[Her POV]
Some mornings start loud even when no sound is made.
The kettle is the same. The mug is the same. The light leaking in through the blinds is the same. But everything feels off by a few centimeters—like someone rewrote the script of your life and handed it back with the margins erased.
I sit at the kitchen table in yesterday's hoodie, chin resting on my palm, the tea cooling too fast beside my elbow. The cursor on my screen blinks patiently, waiting for me to become the version of myself who writes without hesitation.
But today, that version of me is gone.
Or hiding.
I reread his post again.
The one I've bookmarked now, like it means something more than it should.
Some people pass through you like wind.
Others settle like dust.
And the rare ones—the rare ones crack you open and name the pieces you thought you buried.
There's no flourish in the phrasing. No self-importance. Just the kind of sentence that stays with you hours later while brushing your teeth or standing still in a checkout line.
And I wonder—again—if he knows I read it.
If he can feel me circling around him, like gravity that hasn't quite made up its mind.
•
I almost said something yesterday.
We were walking to the bus stop, our steps slow, matching without trying. The space between us barely existed. If I had leaned just slightly toward him, my arm would've brushed his again. My voice had formed the shape of it:
"Hey… can I tell you something?"
But I swallowed it.
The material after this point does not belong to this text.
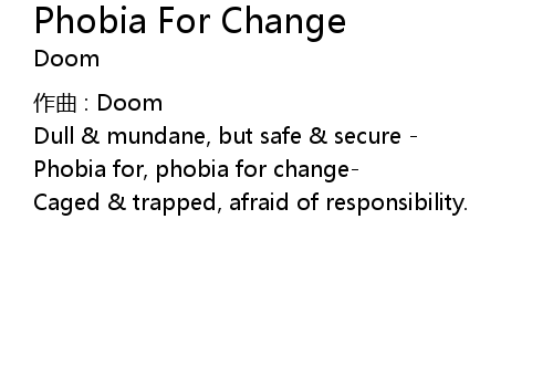 | 歌曲 | Phobia For Change |

Like I always do.
Because the truth isn't something I can package neatly. Not with someone like him. Not when I know how it would sound out loud.
"Remember that story with the hallway and no doors? That line you said you remembered? I wrote that."
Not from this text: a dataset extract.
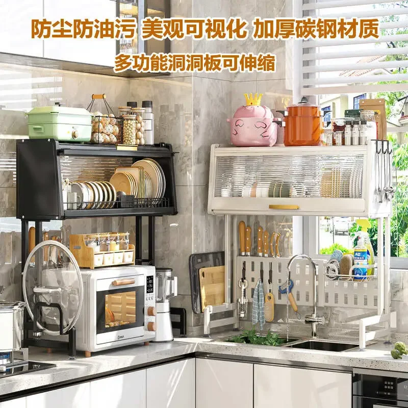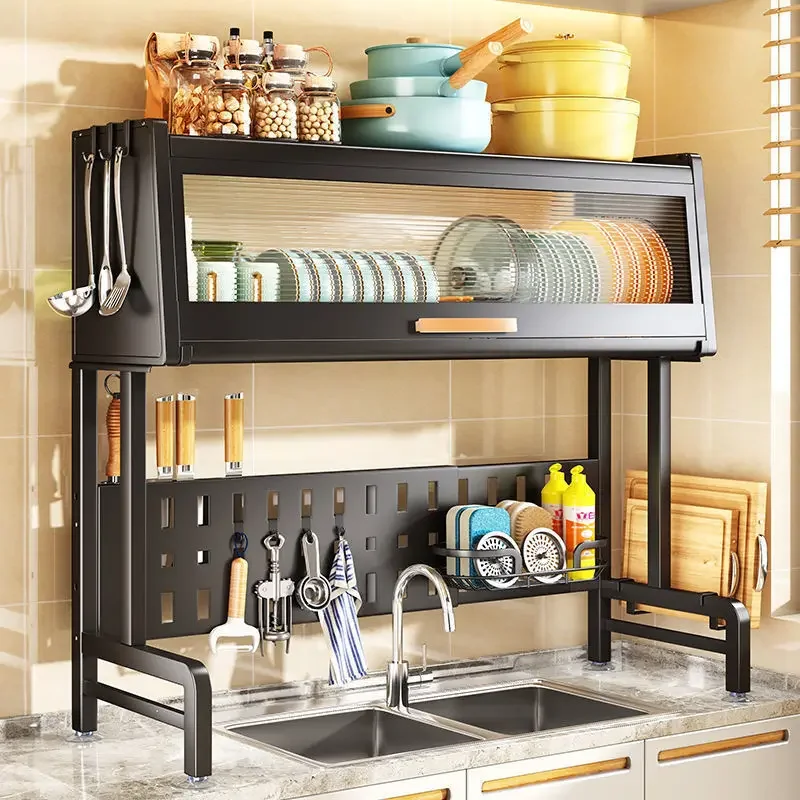 SH Aoliviya Official New Kitchen Sink Storage Shelf Dish Rack Countertop Retractable Dish with Door Dish Storage Rack Cupboard L - Купить с бесплатной доставкой

What would that even change?
Would he look at me differently?
Would I want him to?
•
I open my email and scroll past the editorial notes on my upcoming post. My agent's message sits at the top of the inbox, flagged red:
"Still haven't received the short for the anthology. Deadline's in four days. Let me know if you're stuck."
I am stuck.
But not because of the story.
I'm stuck in the liminal space between versions of myself.
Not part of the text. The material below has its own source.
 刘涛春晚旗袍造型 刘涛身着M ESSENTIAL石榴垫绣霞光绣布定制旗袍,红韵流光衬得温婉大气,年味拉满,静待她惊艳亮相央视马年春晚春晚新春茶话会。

The version online—Nymphaea—can write anything. Bleed openly. She's admired, even if quietly. Readers call her "honest" and "raw." Sometimes "painfully real."
But in real life, I mumble. I hesitate. I apologize before asking anything. I sit beside a boy on the bus and tuck my hands into my sleeves so I don't accidentally give myself away.
He has no idea.
And part of me wants to keep it that way.
•
I finally shower, pull my hair into a loose braid, and take my laptop to the balcony. It's too cold to be out here long, but I need the air. The kind that isn't warmed by recycled heater vents or old coffee.
I reread the story draft—the one that started as fiction and slowly, unwillingly, began to turn into memory.
He's in it now. The way he leans back when he's listening. The slight rasp in his voice when he's tired. How he never finishes his coffee all the way.
And the girl? She's never been this clear.
In early drafts, she was flat. A trope. But now she's flawed and cautious and sometimes cruel to herself without knowing it. Now she presses her fingers into her palm when she wants to say something vulnerable. Now she wears a scarf even when she's indoors, like it's armor.
Now she's me.
And that makes writing her harder.
•
By late afternoon, I'm back inside, curled sideways on the couch with a blanket over my legs. The screen is open to a blank message. I've typed his username into the DM bar.
I've never sent him anything.
Not directly.
The blinking cursor feels like it's mocking me.
I type:
"Hey. I don't know if you'll remember, but we talked about that line. The hallway with no doors."
Then I delete it.
I try again.
"I think I know the author of that story you liked. She's a friend."
Backspace.
Too dishonest.
Again:
"There's something I want to tell you. About that story."
My thumb hovers over "Send."
Then I close the window.
It's not time.
Not yet.
•
At dusk, I walk to the bus stop early. I don't need to be anywhere. I'm not going downtown tonight. But part of me hopes he'll be there anyway. That we'll end up sharing a bench and a quiet conversation again, just like always.
But the bench is empty.
The schedule says I'm thirty minutes early.
I sit anyway.
Pull my notebook from my bag. The one I let him read from.
I flip to a blank page and start writing—not fiction this time. Not lines meant for readers.
Just something for me.
Something for him, maybe.
I think you're the first person I've met who makes me want to be known.
Not admired.
Not followed.
Just known.
The mess, the silence, the stories I never post.
All of it.
•
Ten minutes pass.
Then twenty.
The sun dips lower, turning the buildings amber.
Still no sign of him.
Maybe he didn't take the bus today.
Maybe he needed a break.
I stand, tuck the notebook away, and board the next one alone.
The seat by the window is cold when I sit down. I pull my scarf tighter.
I imagine him sitting beside me again.
Not saying anything. Just being there.
I close my eyes and let the rhythm of the road lull my thoughts into something softer.
Tomorrow, maybe I'll tell him.
Or maybe I won't.
But for tonight, I will keep writing.
And when I get home, I'll finish that story.
And maybe—just maybe—I'll sign it with my real name.